Monday - 01/05/2017 14:42
Canada's defence minister has apologized for exaggerating role in Operation Medusa against Taliban

Harjit Sajjan is expected to face calls to resign as Defence Minister in the House of Commons today in the wake of his claim he was the "architect" of a major assault on the Taliban in 2006.

MPs are back in Ottawa after a two-week break, and the controversy over Sajjan overstating his role in Operation Medusa during an April 18 address in New Delhi is likely to dominate the daily question period.

The Conservatives are set to call for him to step aside or be removed from his post, alleging a pattern of misleading the public.

Sajjan said he was sorry in a message posted to his Facebook page Saturday, but opposition parties say that's not enough. He is scheduled to make a statement in the foyer of the House of Commons at 2:05 p.m. ET, according to a notice from his office, and CBCNews.ca will carry it live.

The Conservatives say this is not an isolated incident, but rather part of a pattern of questionable comments from the minister.

Conservative defence critic James Bezan also refuted claims by Sajjan that the Iraqis were accepting of Canada's decision to withdraw its CF-18 jet fighters from combat against the Islamic State.
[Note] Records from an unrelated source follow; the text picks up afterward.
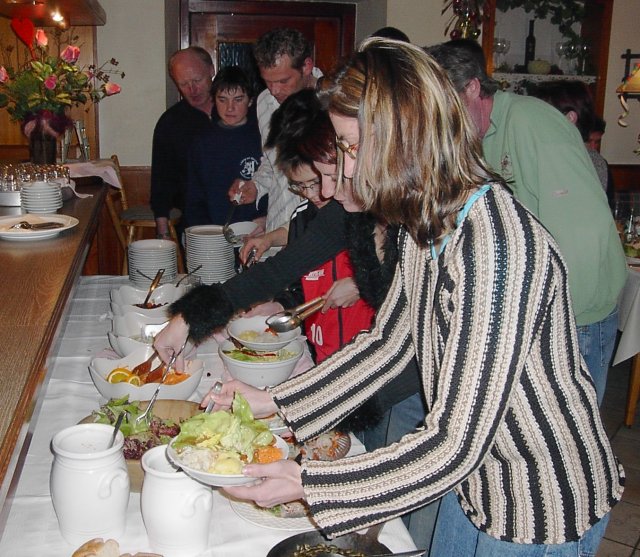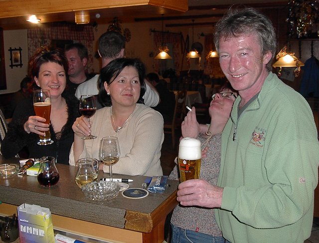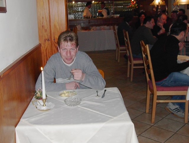 Der Hüttenwirt erwies sich als ein altes, aber neu renoviertes Gasthaus mit schönen geräumigen Zimmern. Nachdem wir die Zimmer bezogen, unsere Skischuhe im bestens geheizten Skischuhraum untergebracht und uns frisch gemacht hatten, ging es schon zum Essen. Das Essen (Salat vom Buffet, Suppe, Hauptspeise und Eis) wurde schnell serviert und schmeckte wirklich gut. Jeder sollte satt geworden sein.
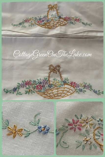 The needlework on these pillowcases is exquisite and must have taken some dear person many hours to complete. Both cases are in pristine shape and don’t have any tears, holes, or aging, plus have no signs of ever being used! I can hardly wait to wash them in Oxy Clean Laundry Whitener (great for washing antique linens) and slip them over the pillows in the bedroom upstairs I affectionately call “The Feathered Nest.” (:
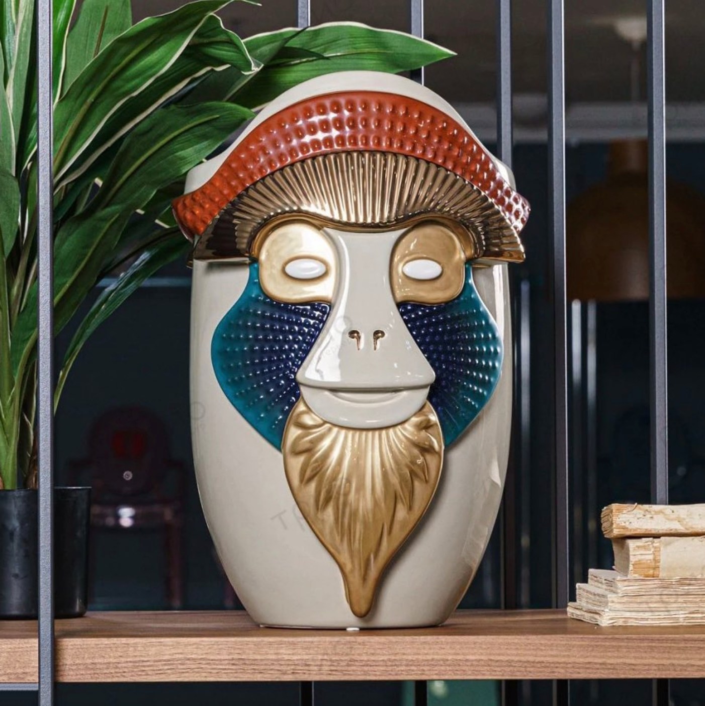 Εδώ βλέπουμε το βάζο Primates Brazza: Κερκοπίθηκος Ντε Μπράζα - ανήκει στην οικογένεια των Κερκοπιθήκων της Αφρικής.
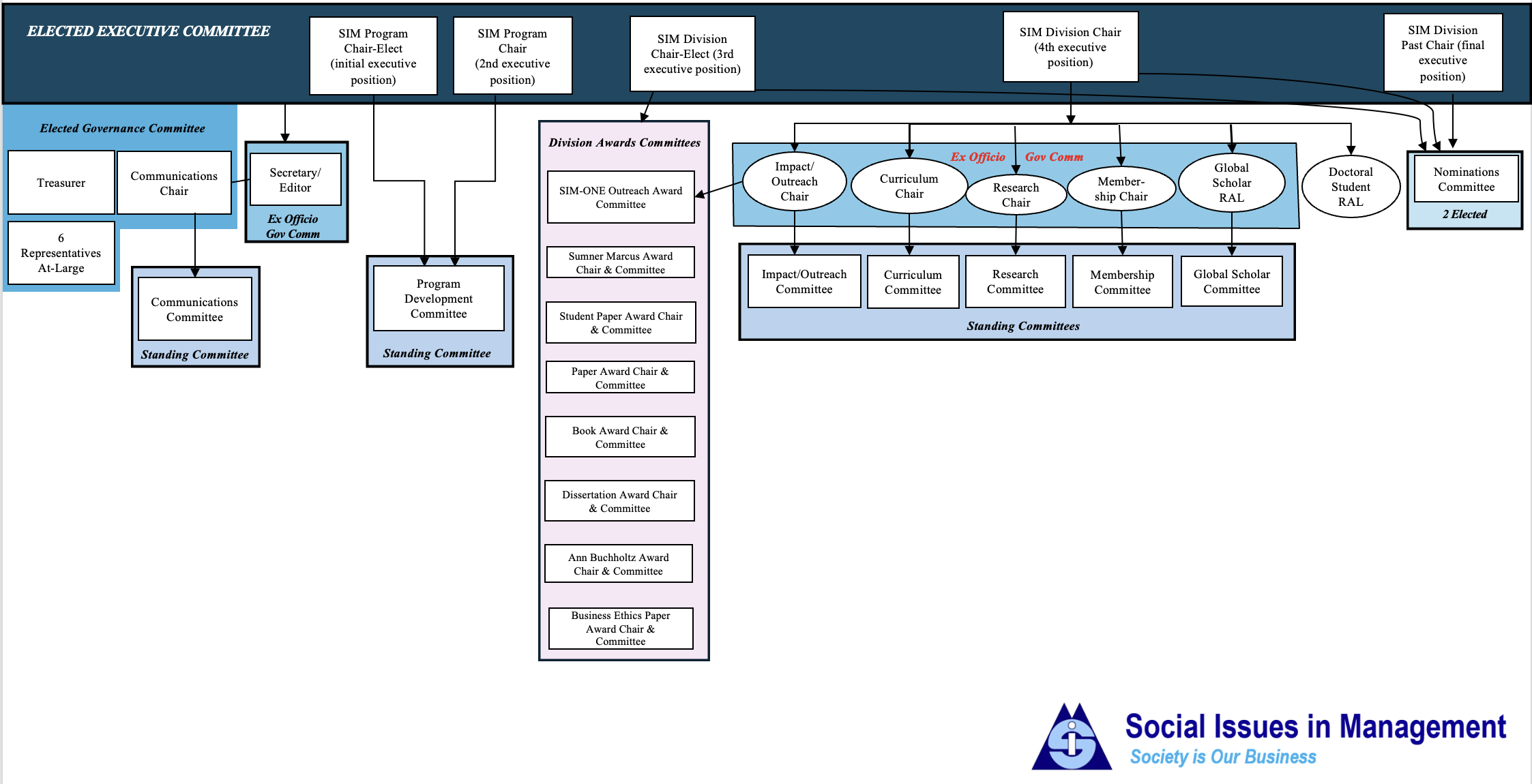 The Social Issues in Management (SIM) Division studies the social issues, institutions, interactions, and impacts of management. The common logic of SIM scholarship is our shared interest in understanding responsible behavior by organizations and the people and groups working in and around them. Such investigation leads us to ask fundamental questions about the ethical systems, roles, functioning, and legitimacy of business institutions. Members also bridge scholarship to applied social practices, developing understanding and methods to promote social change and sustainable development.
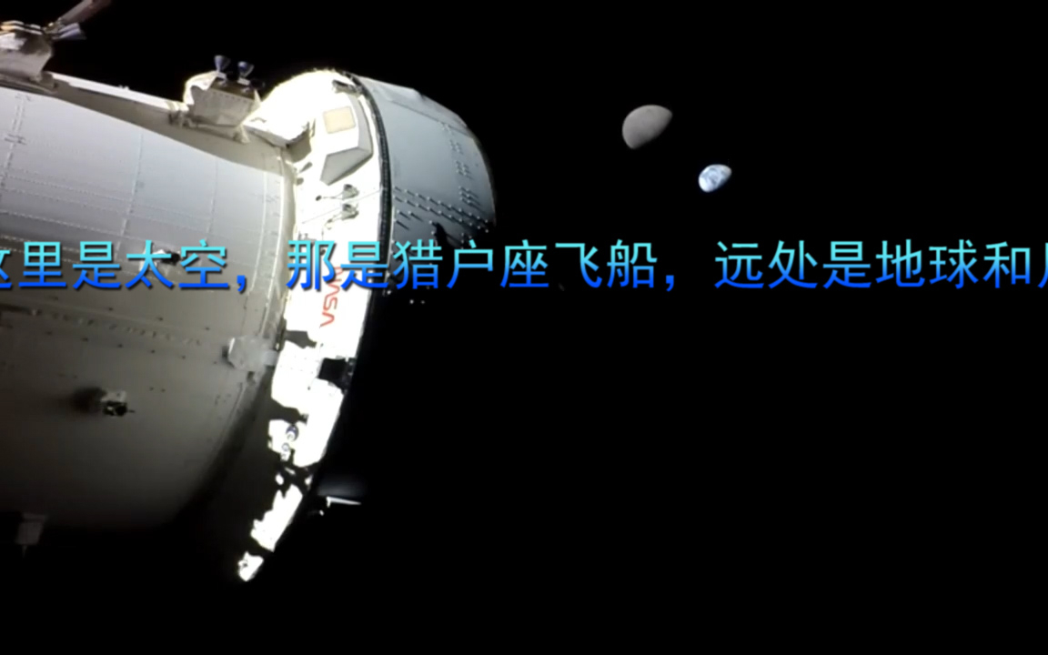 这里是太空,那是猎户座飞船,远处是地球和月亮

He said the minister also made misleading statements about the air force's capability gap and who was responsible for cutting danger pay for soldiers in Kuwait.

The NDP is also prepared to raise questions about the minister's credibility.

Former soldiers with direct knowledge of Sajjan's role in Afghanistan told CBC News that he served as a liaison officer with local Afghan leadership, and provided critical intelligence and insight that helped shape the battle, but that he did not plan the September 2006 operation west of Kandahar City.

Sajjan served on one tour to Bosnia and three deployments to Afghanistan as a reservist.

On the weekend, Sajjan said he made a "mistake" in how he described his role, retracted the statement and apologized.

"I am truly sorry," he said in his Facebook post. "While I am proud of the role I played during my deployments to Afghanistan, my comments were in no way intended to diminish the roles of my former superiors and fellow soldiers. To them I offer my sincere apologies."